I did something similar ripping a full sheet of OSB one time. Luckily the saw was underpowered and the mass of the sheet was too much for it, and I was nearly 8' away. But it was still surprising to me just how quick it jerked the sheet out of my hands and threw it back at me and was a very good lesson. I now ALWAYS use a splitter.
 
Hi Don

I'm so glade that you are ok...the pics reminds me a war or...

A splitter would help but I think that it's mounted too far from the blade and when cutting short pieces, it still doesn't come into "action"...a riving knife would do a better job as it is mounted very close to the blade (3~8 mm - 1/8"~5/16"...I set it to 1/8" behind the blade) but...I know that not many TS's in USA have a riving knife....

I would like to share with you my push shoes/blokes that I'm using for the TS and the router table.

Please note that the "Pusher" is mounted diagonally to the trowel so when I push, I always exert pressure toward the fence...
Also, all of them have an "anti-skid tape" or sanding paper for better grip.

I'm positioning the push shoe at an angle to the workpiece, so when I push, one vector is pushing forward and part of the force, is toward the fence that ensures positive contact of the workpiece to the fence.

I like to position the push shoe so that the back side (the side close to me) is at more than half distance of the fence / blade so, in any case I'll push the workpiece front end toward the fence.

Pb01.jpgPb02.jpgPb03.jpgPb04.jpg

If the pieces are too small, I like them "locked" between the sled and the hold-down (as you could see on the post "TS sled").

Regards
niki
 
Thanks, Niki

One like those shown in the second picture would probably have prevented my accident. The added sandpaper for grip is a good idea.

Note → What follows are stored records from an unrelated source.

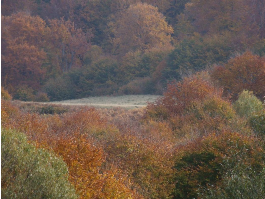
Fig. 6. Pădure de fag
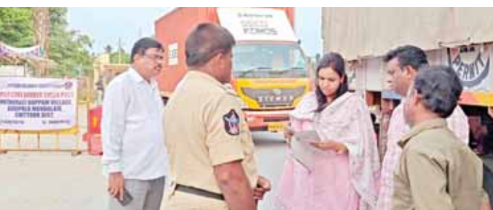
ఆంధ్ర తమిళనాడు సరిహద్దుల్లో ఆకస్మిక తనిఖీలు చేస్తున్న ఏఆర్ఎస్ అరుణ

ఏఆర్ఎస్, ఎంసీసీ నోడల్ అధికారి, కమిషనర్ డా. జె అరుణ
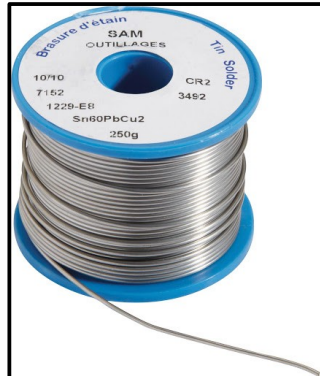
Bobine pour braser
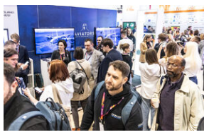
Światowa premiera edukacyjnego projektu gamingowego IPN „Lotnicy” w Londynie – 24 stycznia 2024.
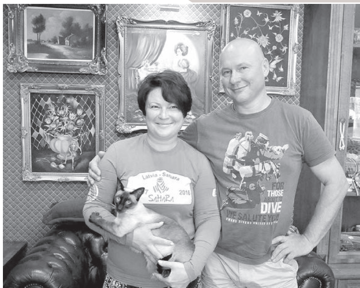
Atgriežoties no Āfrikas pekles.
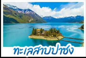
ทะเลสาบปาซง

รถไฟสายหลังคาโลก พระราชวังโปตาลา วัดโจคัง - ทะเลสาบปาซง พระราชวังฤดูร้อนเนอร์บูลิงคา
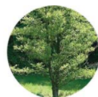
Ontano nero ( Alnus glutinosa )
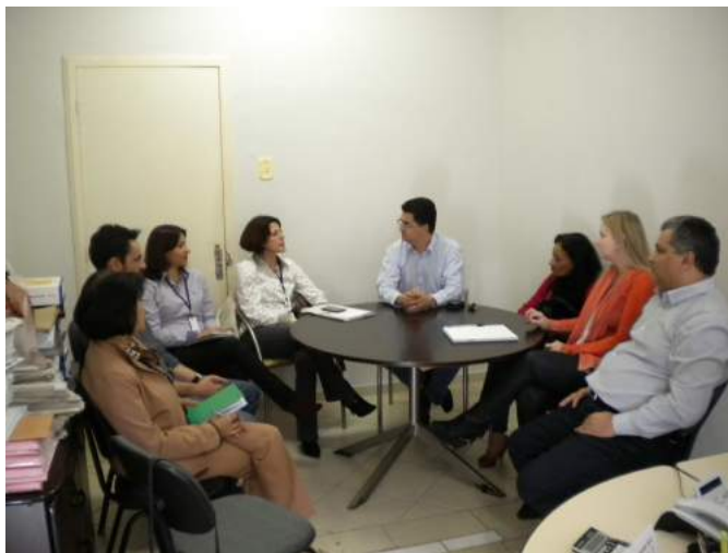
Reunião na Prefeitura Municipal de Campo Mourão com representantes da SEJU, Prefeitura Municipal, UNIOESTE e do extinto pró-egresso
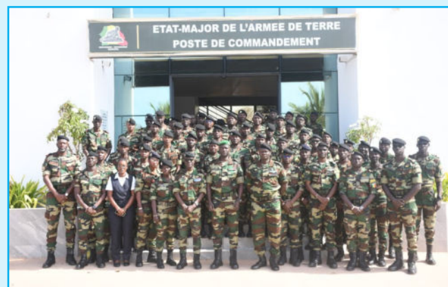
VISITE DE PRISE DE CONTACT DU CEMGA : LE VICE-AMIRAL D'ESCADRE, OUMAR WADE DÉBUTE PAR LES ÉTATS-MAJORS D'ARMÉE ET LA ZONE MILITAIRE N°7
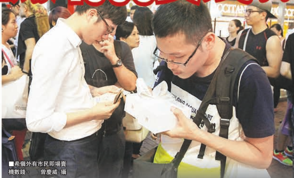
希慎外有市民即場賣機數錢。
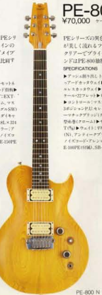
PE-800 ¥70,000 ケース ¥10,000

PEシリーズの黄色いグレインが美しく流れるファジシャブメナルクリアでブルーイットをハムバックンダサウンドはPE800独特のもの。
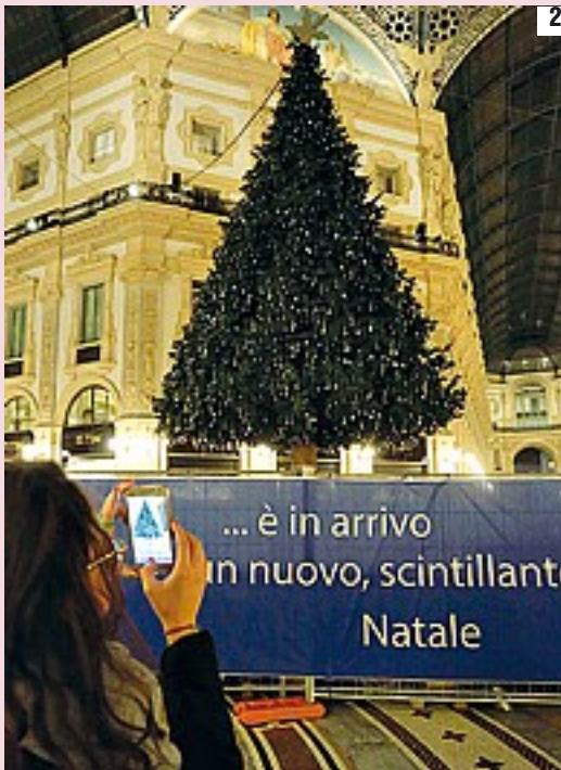
1 La pista di ghiaccio tra i grattacieli di piazza Gae Aulenti, che resterà attiva fino al 12 febbraio 2 L'albero di Natale già allestito nella Galleria Vittorio Emanuele II
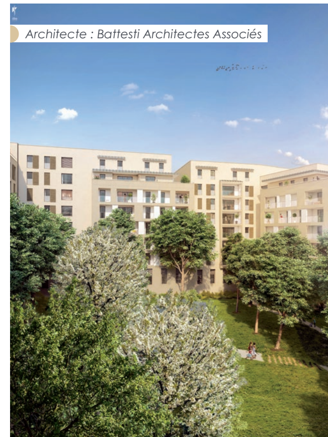
Vue depuis l'îlot central paysager

Perspective Intime. Illustration non contractuelle.
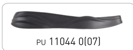
PU 11044 0(07)
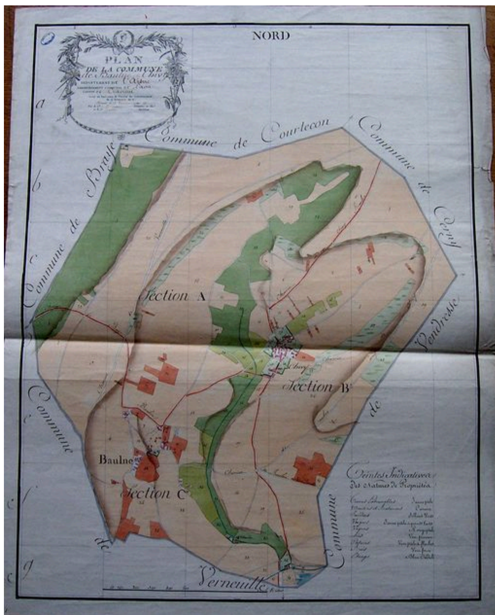
Plan cadastral de Baulne et Chivy établi le 5 octobre 1805 (AN : F 31/107).
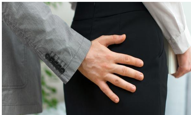
ภาพที่ 1 : การกระทำอนาจาร เป็นการล่วงละเมิดทางเพศที่เป็นการกระทำชัดแจ้ง
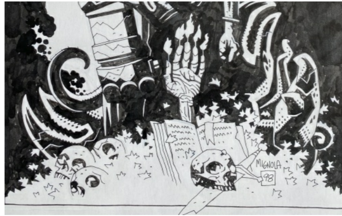
HellBoy par Mike Mignola
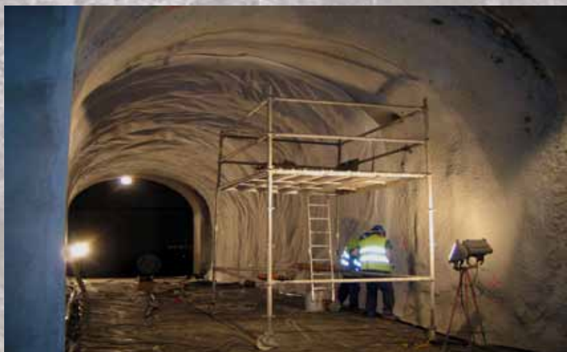
Instalación de lámina hidrofoba para posteriormente gunitarla
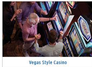
Vegas Style Casino
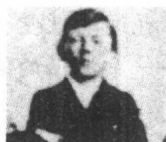
▲ 1900年林嗣中学 就读时的希特勒
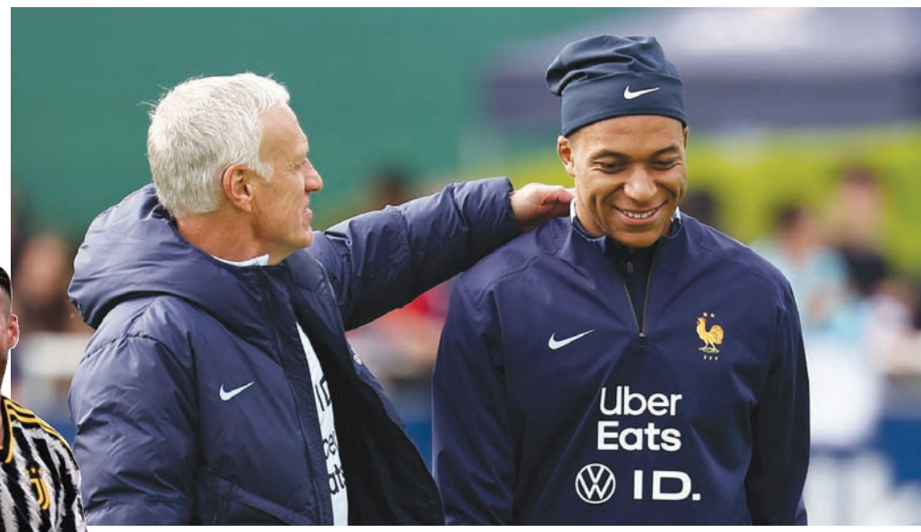
مباني مع المدرب ديشامب في معسكر المنتخب الأول للإعداد لبطولة «يورو 2024»...

على جانب آخر، تلقى خط دفاع المنتخب الإيطالي، بطل أوروبا لكرة القدم، ضربة معنوية قوية
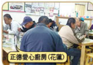
正德愛心廚房(花蓮)
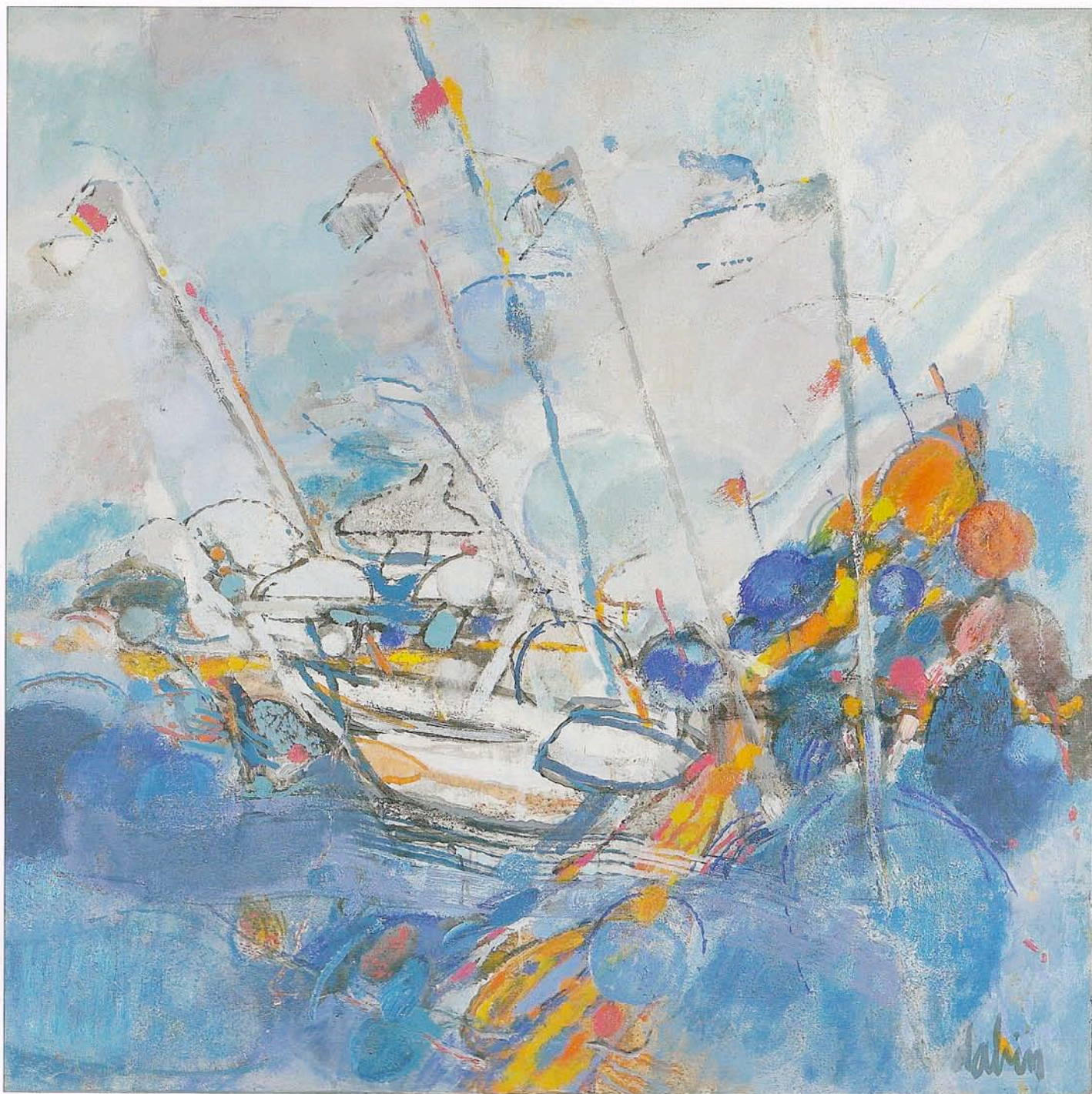
Les lamparos à Cadaques, huile sur toile, 100 x 100 cm

volumes. Et si parfois, on devine çà et là des réminiscences classiques qui nous ramènent vers Velasquez, elles s'évanouissent rapidement dans un tourbillon d'énergies qui entraîne notre esprit vers des contrées sauvages de tous les possibles. C'est d'ailleurs avec la même frénésie que ce peintre enthousiaste a pu, en son temps, réinventer le Don Quichotte de Cervantes, les taureaux de Séville et les grands voiliers de Bretagne, liant tous ces thèmes en une même ligne d'éternité.

My wife and I spent some time looking for saws with riving knives today. I also discovered that thanks to Kelly Mehler, Underwriter Labs in the US will only be certifying table saws with riving knives. This has apparently prompted several US manufacturers to start offering them. I might try to fit a Jet Exacta Deluxe into the budget sometime soon, if Jet has a sale. My Delta has given me good service, but now that I am retired and in the almost shop daily, I may need something that is a little safer.

Don
 
Early in playing in my shop, I was trying to cut some short sections of 2x4 using the fence as the guide. Got a kick back that hit me in the solar plexus. I went down and out for about 15 minutes with much accompanying pain. Later, someone, on another forum, advised me that the fence is a RIP fence and should not be used as I was trying. Also, stand to the side, as I do now. Glad you are well.